Molecular pathophysiology
Over the past decade, there have been many studies using model systems to recapitulate so-called single gene (or monogenic) versions of autism, such as fragile X syndrome and tuberous sclerosis complex, which are cumulatively estimated to account for <10% of clinical cases of autism51. In addition, more recent studies have modelled the effects of rare and de novo mutations identified in idiopathic autism. This literature is too vast to review comprehensively here52,53. Although the study of autism risk genes in model systems has revealed a great deal about general biology, how these findings relate to the pathophysiology of autism is less clear48,49. In general, autism risk genes tend to have a role in multiple functions in many brain regions that unfold in a spatiotemporally defined manner across development. Consequently, although manipulation of a single risk gene in a model system may lead to interesting phenotypes, including social-behavioural phenotypes in evolutionarily distant organisms, it does not necessarily illuminate its contribution to human social disability. Moreover, although a single mutation can confer a several-fold increase in the risk of autism, these variants do not demonstrate the type of causal clarity that is associated with classic monogenic neurodevelopmental disorders such as fragile X syndrome, Angelman syndrome, Rett syndrome or tuberous sclerosis complex.

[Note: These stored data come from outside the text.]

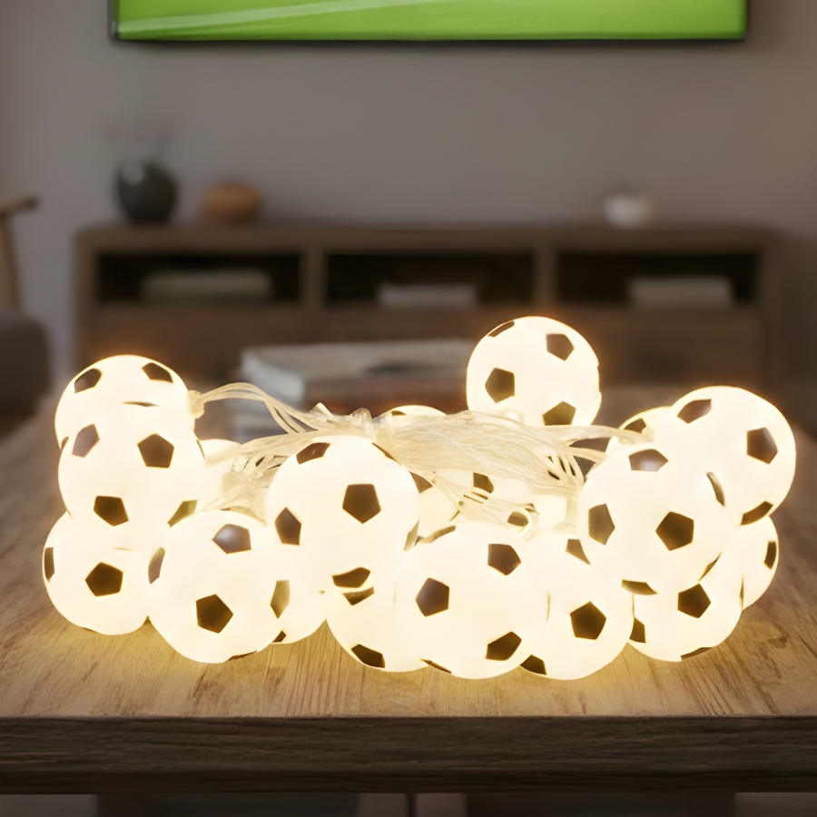 O Enfeite Decorativo Cordão LED - Bola de Futebol - 1,8m é ideal para compor ambientações temáticas com iluminação decorativa e visual descontraído. Com extensão de 1,8m e elementos em formato de bola de futebol, proporciona destaque em festas, quartos, vitrines e eventos esportivos.
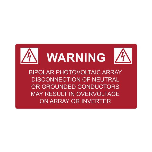 This is manufactured by HellermannTyton. The manufacturer part number is 596-00326. Applications Information- notice. It is assigned with possible HTSUS value of 3926.90.9985. The product is rohs compliant. The symbol only legend includes - see legend (text). Arrangement configuration includes - symbol and text. The product's body is manufactured from highly durable vinyl materials. The background colour is red. The product is widely employed in solar. The hellermanntyton's product offers user-desired applications. It is pre-printed. Language include - english. Its typical moisture sensitivity level is 1 (unlimited). Its accurate length is 2.000" (50.80mm). While text on legend is - warning : bipolar photovoltaic array disconnection of neutral or grounded conductors may result in overvoltage on array or…. It has a long 4 weeks standard lead time. The product is available in adhesive configuration. Furthermore, the product is 3.750" (95.25mm) wide. The legend is white. In addition, bulk is the available packaging type of the product. It is a rectangle product with unique specifications. Moreover, it corresponds to 596-00, a base product number of the product. The product is designated with the ear99 code number.
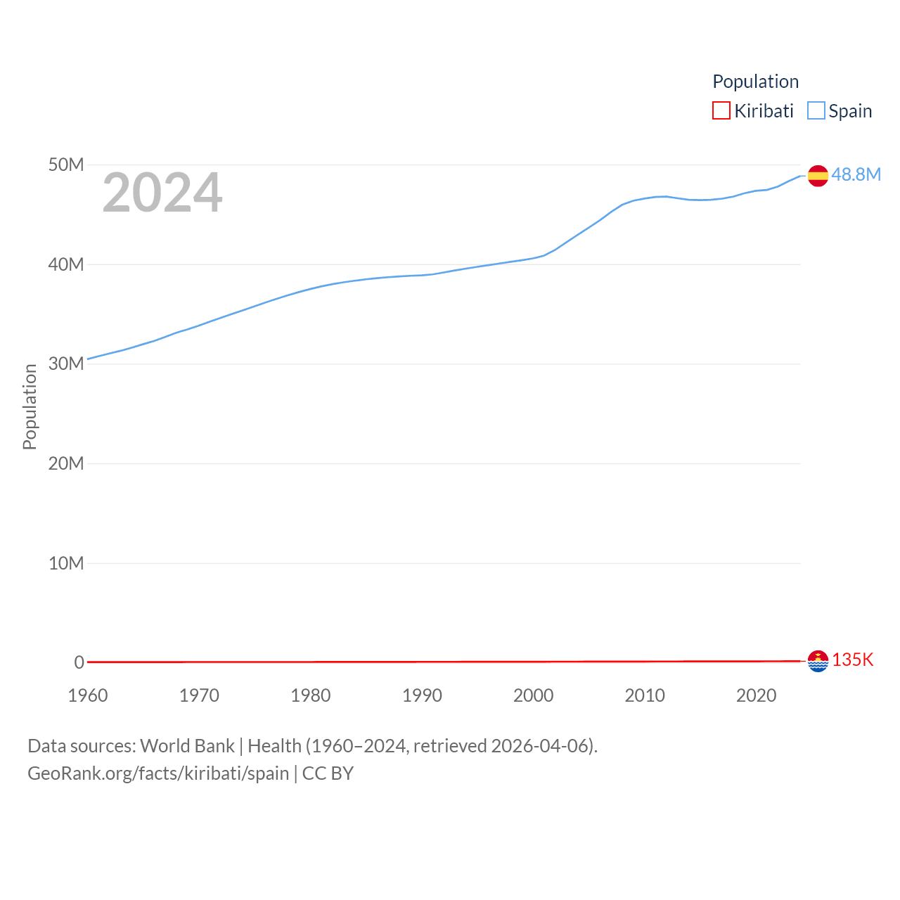 Kiribati has a population of 135K (ranked 180/197), compared with 48.8M in Spain (ranked 32/197). Kiribati's land area is 313 sq mi versus 192,934 sq mi for Spain (ranked 173rd vs. 51st).
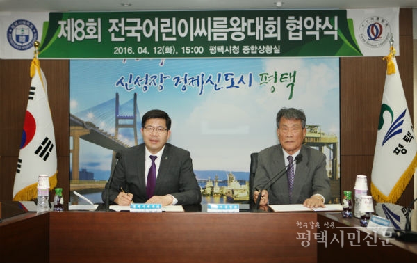 평택시는 지난 12일 평택시청 종합상황실에서 공재광 평택시장, 박두진 통합씨름협회장을 비롯해 여러 관계자가 참석한 가운데 제8회 전국어린이씨름왕대회 협약식을 가졌다.
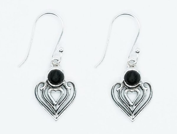 Sterling Silver 925 Hallmarked Earring Heart Black Onyx Round Cab 4x4mm
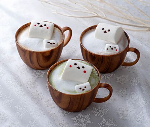 シマエナガに見立てたマシュマロをトッピングした、可愛くて心温まるホットドリンクです。
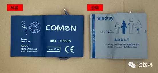 兩家都采用防水面料和薄膜氣囊。科曼顏色更深,不知道是不是因為深色耐臟。袖套看起來要厚點(diǎn),不過摸起來也一樣柔軟。邁瑞是不經(jīng)臟的白色,拿起來會發(fā)現(xiàn)更柔軟?;蛟S是深色顯得明亮,對比之下,總覺得邁瑞的袖套看起來舊舊的。
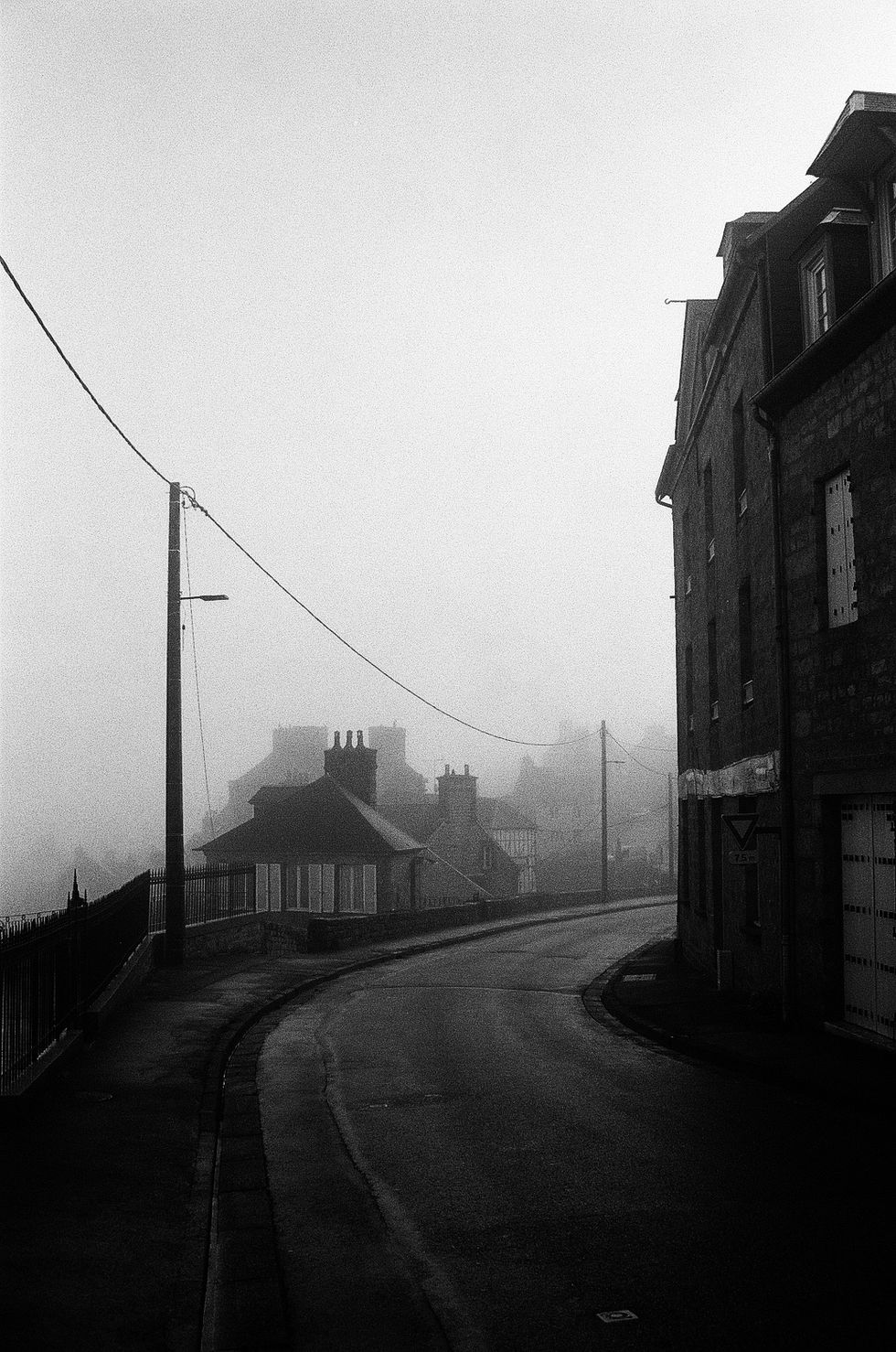 Ici vous retrouvez l'ensemble de mes photographies argentiques prises lors de mon dernier séjour à Domfront-en-Poiraie. Ce village à, le lendemain de noël, attiré mon attention au milieu d'une journée brumeuse : j'ai alors directement pris mon Nikon F50 argentique et visité tous les recoins de la petite ville pour en faire ressortir les meilleures atmosphère de brouillard possible. Ce que j'aime avec la photographie argentique et en particulier en noir et blanc, c'est de recréer des atmosphères imaginaires dans la réalité, en jouant avec les lumières et le cadre.
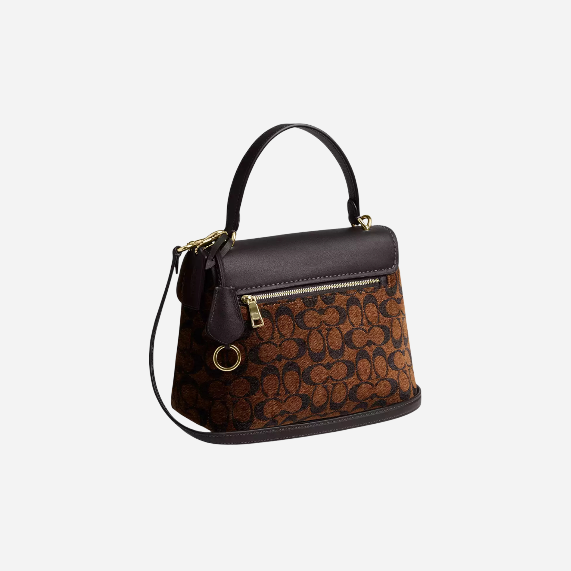 Elevate your everyday style with the COACH Emory Top Handle Bag, crafted in luxurious signature chenille. This sophisticated accessory features a timeless gold, Truffle colorway, perfect for the discerning fashion enthusiast seeking premium quality and enduring elegance.
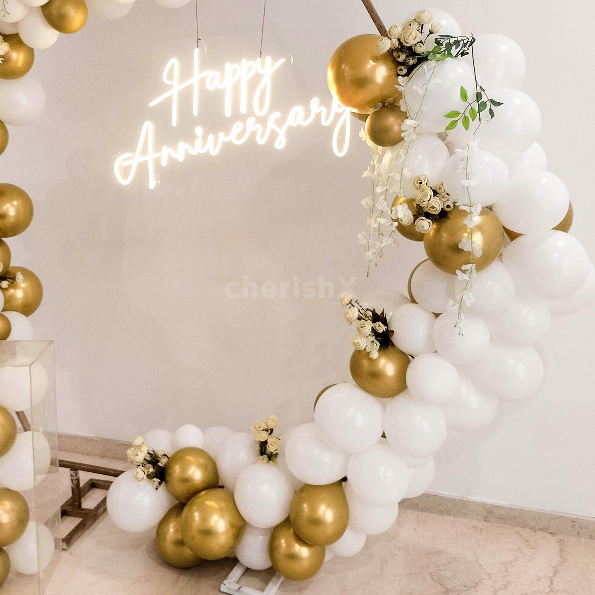 A beautiful arch of 150 balloons of colors 130 White Latex and 20 Golden Chrome balloons decorated with artificial flowers (color as per availability).
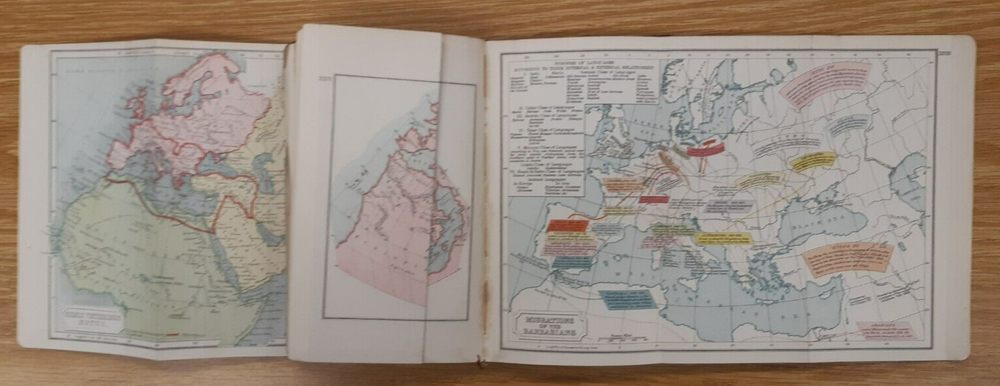 Atlas of Ancient and Classical Geography, Dent Everyman's Library. No date. Bound in red leather with gilt lettering and decoration. 29 fold-out coloured maps of the ancient world. Approx 14 x 23 cm.
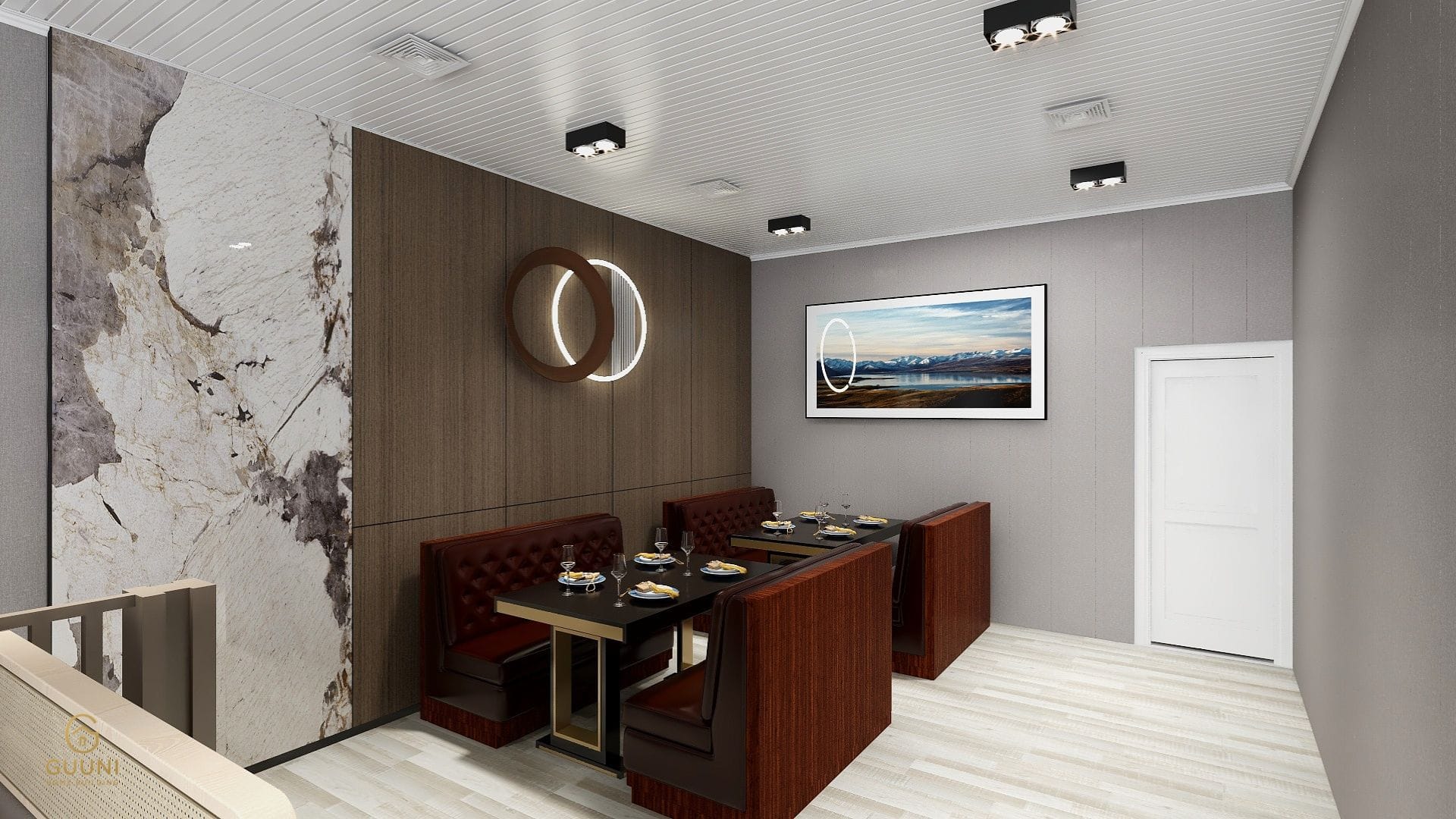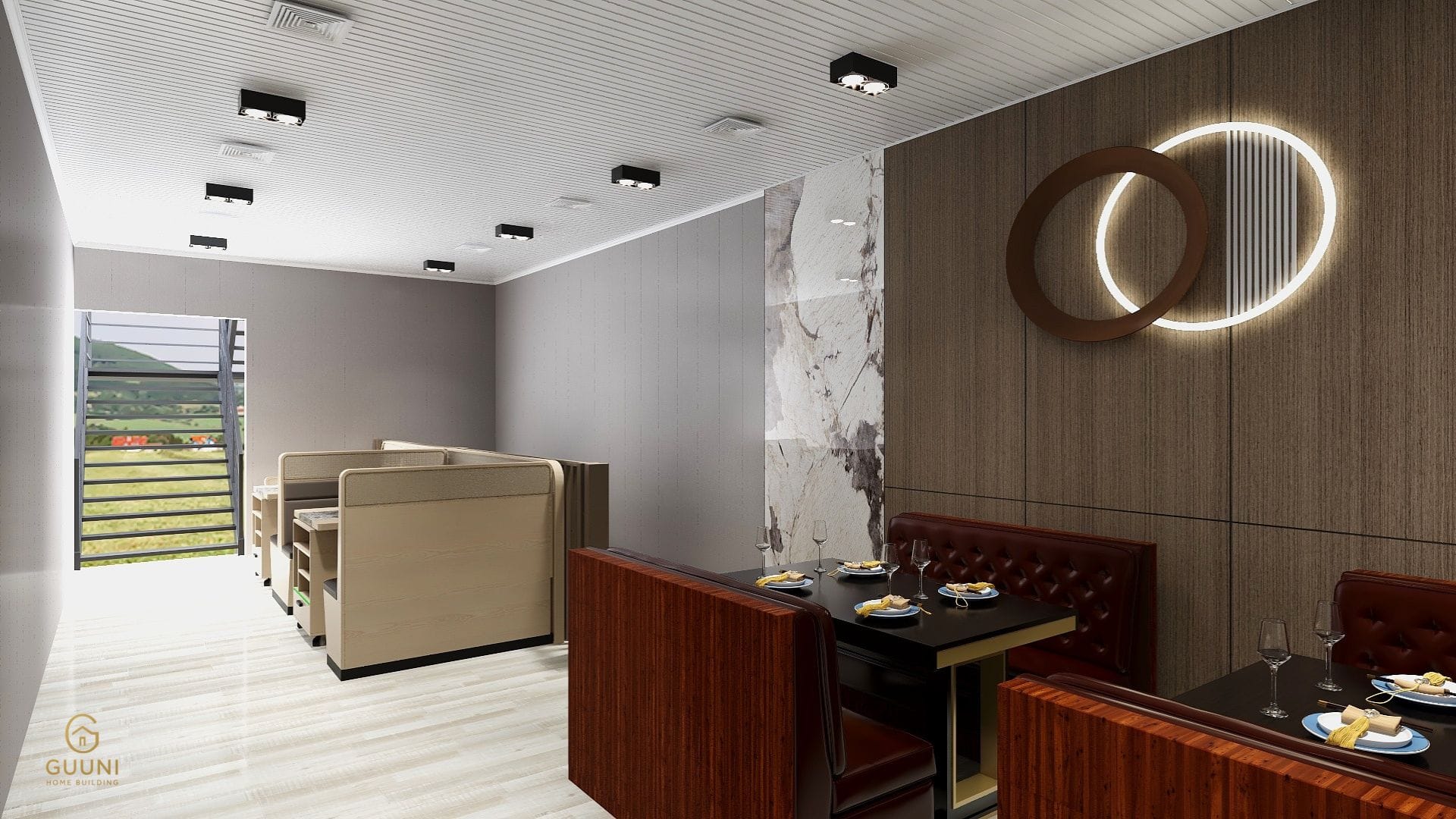 “Material yang dipilih Guuni berkualitas tinggi dan finishing‑nya sangat bersih. Ruang café dan VIP room tampil elegan, sementara ruang notaris tetap formal dan eksklusif.”
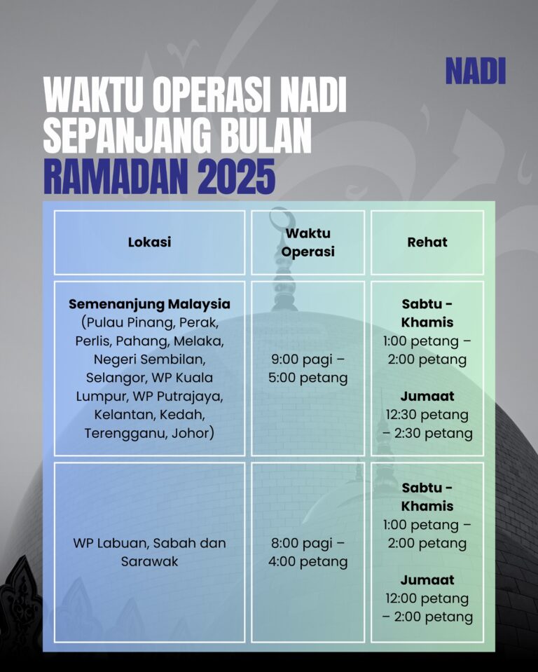 ๐ ๐๐๐๐จ๐ ๐๐ก ๐ช๐๐๐ง๐จ ๐ข๐ฃ๐๐ฅ๐๐ฆ๐ ๐ก๐๐๐ ๐ฆ๐๐ฃ๐๐ก๐๐๐ก๐ ๐๐จ๐๐๐ก ๐ฅ๐๐ ๐๐๐๐ก Sepanjang bulan Ramadan, NADI akan beroperasi mengikut jadual berikut: Semenanjung Malaysia9:00 pagi โ 5:00 petang WP Labuan, Sabah & Sarawak8:00 pagi โ 4:00 petang Kami di NADI mengucapkan selamat menjalani ibadah puasa #NADI#Ramadan2025#WaktuOperasiNADI
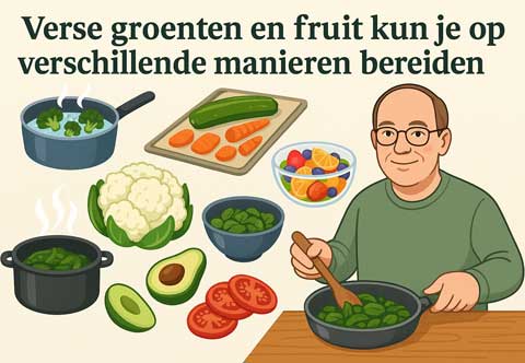 - Recepten in meerdere bereidingswijzen (bijv. stoven, grillen, bakken, rauw)
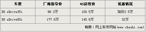 據(jù)北京寶馬經(jīng)銷店銷售人員介紹,現(xiàn)在在售的X6車型分為售98.3萬元的35i車型和售價為177.8萬元的50i兩款車型。目前購買35i車型的消費者沒有優(yōu)惠,提現(xiàn)車還要加價2.5萬元,售價從98.3萬元上升到了100.8萬元,排量更大的4.4升的50i車型有32萬元的現(xiàn)金優(yōu)惠,售價降到了145.8萬元。銷售人員還介紹,近期50i車型車型沒有現(xiàn)車,消費者需交訂金10萬元,下個月可提車。
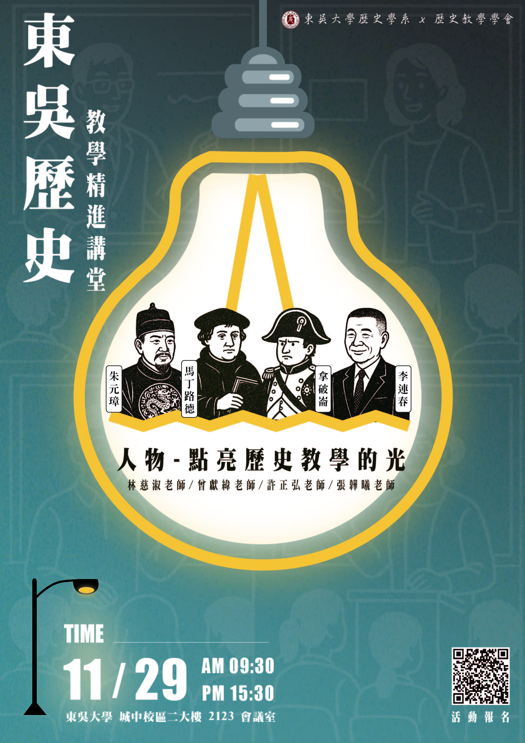| 一、 | 為因應歷史教學的新趨勢與新挑戰,本校歷史學系規劃辦理「東吳歷史教學精進講堂」活動,由本系專任教師以歷史人物為主題,分享研究成果、教學策略及反思,並透過彼此的交流與討論,激盪出歷史教學與研究的新思維與新方法。 |
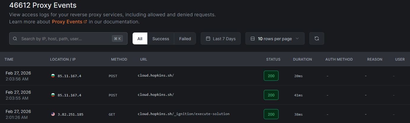 Access logs are available in the NetBird dashboard under Activity > Proxy Events. This view displays a table of all HTTP requests that have passed through your reverse proxy services, with filters to narrow down results by time range, status, or other fields.

In addition, the well-established sexual dimorphism of social disability adds yet another dimension to the expansive search space that exists between risk genes and human behaviour48. The challenges of disentangling the spatiotemporal dynamics of risk gene expression and protein function are made even more difficult by the reality that these may play out differently in males and females.
Owing to these challenges, multiple approaches have emerged focusing on convergence38,40,54,55,56,57, that is, searching for points of commonality across different autism risk genes, with the reasoning that this approach could identify shared pathological mechanisms. In fact, the earliest successes in gene discovery quickly revealed important general properties that have held up well over time, including that, prima facie, most proteins encoded by autism risk genes are involved in either synaptic structure and function or chromatin modification and regulation of gene expression38,46,47,58 (Fig. 3). More recently, there has been an additional focus on spatiotemporal convergence and several studies have supported a nexus in mid-fetal, glutamatergic neurons during cortical development, with modestly divergent findings regarding deep56 versus superficial54 cortical layers. With improvements in technology, additional regions, including the striatum, have also begun to emerge as points of potential risk convergence for autism59.
Simplified schematic of the major cellular components of a neural circuit in the cerebral cortex, with a focus on pyramid-shaped glutamatergic excitatory projection neurons. Proteins encoded by selected high-confidence (false discovery rate < 0.1) autism risk genes34 and proteins encoded by selected syndromic autism genes have a role in these neurons during development. These proteins have a diverse intracellular distribution: those at the synapse have roles in cell adhesion, scaffolding and signalling. In addition, some of these proteins are localized to the nucleus and have been shown, broadly, to mediate chromatin modification and transcriptional control. Syndromic autism genes include FMR1 (encoding fragile X mental retardation protein; fragile X syndrome), UBE3A (encoding ubiquitin-protein ligase E3A; Angelman syndrome), TSC1 and TSC2 (encoding hamartin and tuberin; tuberous sclerosis complex), PTEN (encoding phosphatase and tensin homologue) and MECP2 (encoding methyl-CpG-binding protein 2; Rett syndrome). GABA, γ-aminobutyric acid; Ub; ubiquitin. Adapted with permission from ref.48, Elsevier.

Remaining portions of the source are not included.